Pros
• On-site gym is genuinely excellent and a real benefit
• Some individuals across the business are highly capable and great to work with
• Working in motorsport is inherently exciting and meaningful for many people
Cons
• Pay is consistently 20–30% below market rate. Staff are told not to discuss salary, which is not aligned with UK employment law.
• Clear communication around pay benchmarking was promised by HR and then quietly dropped. Pension contributions are minimal and not competitive.
• Entire team were told flat-out that no promotions were possible, only to then watch widespread promotions announced elsewhere in the commercial organisation at company town hall. This has a serious impact on morale and trust.
• The business heavily exploits people’s passion for motorsport, resulting in overqualified staff doing senior work without pay or progression.
• Leadership quality varies significantly. In some teams there is a complete lack of support, accountability, and strategic direction. I spent ~7 months effectively doing two roles with no additional compensation or meaningful support, in a structure that felt set up to fail. HR approach is to put a JD up for a week then take it down - weird methodology resulting is few high quality candidates.

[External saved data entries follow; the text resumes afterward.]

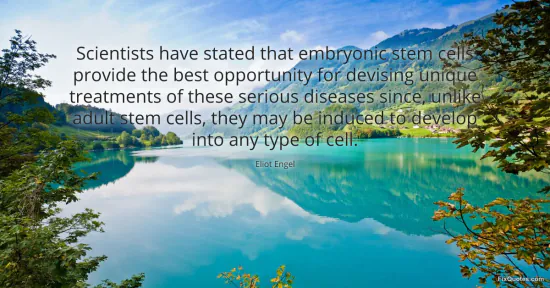 Engel, Eliot. (2026, January 17). Scientists have stated that embryonic stem cells provide the best opportunity for devising unique treatments of these serious diseases since, unlike adult stem cells, they may be induced to develop into any type of cell. FixQuotes. https://fixquotes.com/quotes/scientists-have-stated-that-embryonic-stem-cells-57436/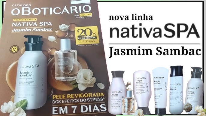 | Nativa SPA Jasmim Sambac Body Splash, 200ml Preço Sugerido: R$ 63,90 · Perfumação ao longo do dia; · Fragrância única da linha: · Fórmula vegana; · Ideal para todo o corpo; · 95% de ingredientes naturais. | ||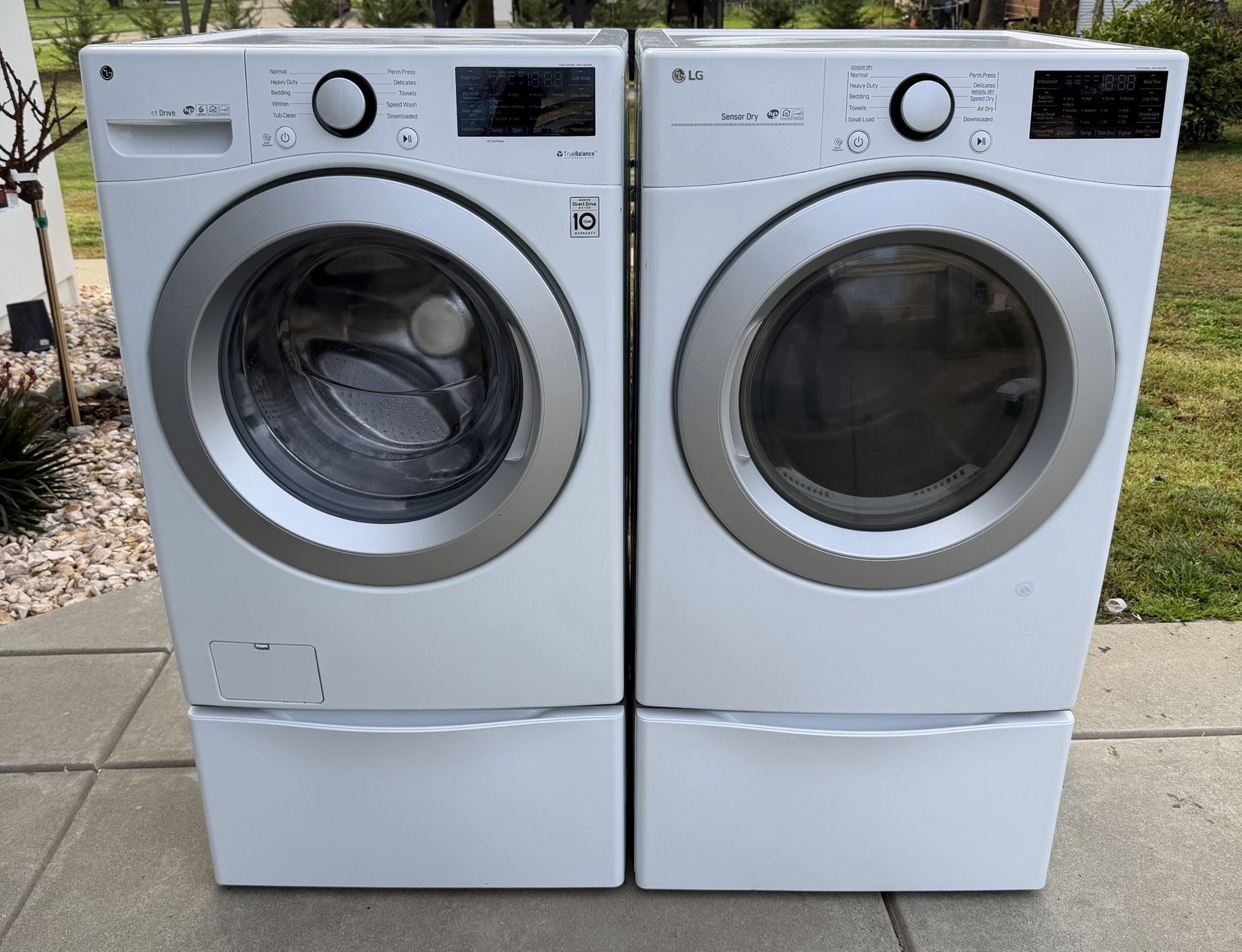 LG washer and dryer with pedestals. No issues at all. Everything works well. Clean too. With pedestals. Dryer is electric. Both come with manuals. Can deliver for extra

• Despite strong internal messaging around mental health, there is little follow-through in practice. accountability is lacking.
• Shockingly outdated ways of working for a modern global brand including no proper project management tools because senior leadership cannot agree on which to adopt.
• Digital is not well understood or valued at senior levels. Comments like “it’s just a video” reflect a fundamental lack of understanding of modern content, platforms and audience impact. Team budget reflects this. High turnover in digital team.
• Budgets are stuck in the past, making it difficult to attract or retain top-tier talent.
• A small number of power-driven, controlling personalities create unnecessary friction, micromanagement (down to controlling meeting attendance), and very high turnover.
• Some very old-school attitudes persist, including resistance to staff taking annual leave because it is seen as “taking time out of the business”.
- Some managers appear to have progressed into roles through timing rather than demonstrated expertise, which is reflected in gaps in knowledge, inconsistent decision-making, and overall performance that falls short of what you would expect in a top-tier organisation.
• There is a recurring pattern of reactive hiring, with roles filled in a rush and candidates selected who are not well suited to the scope or seniority required, creating downstream issues for teams and delivery.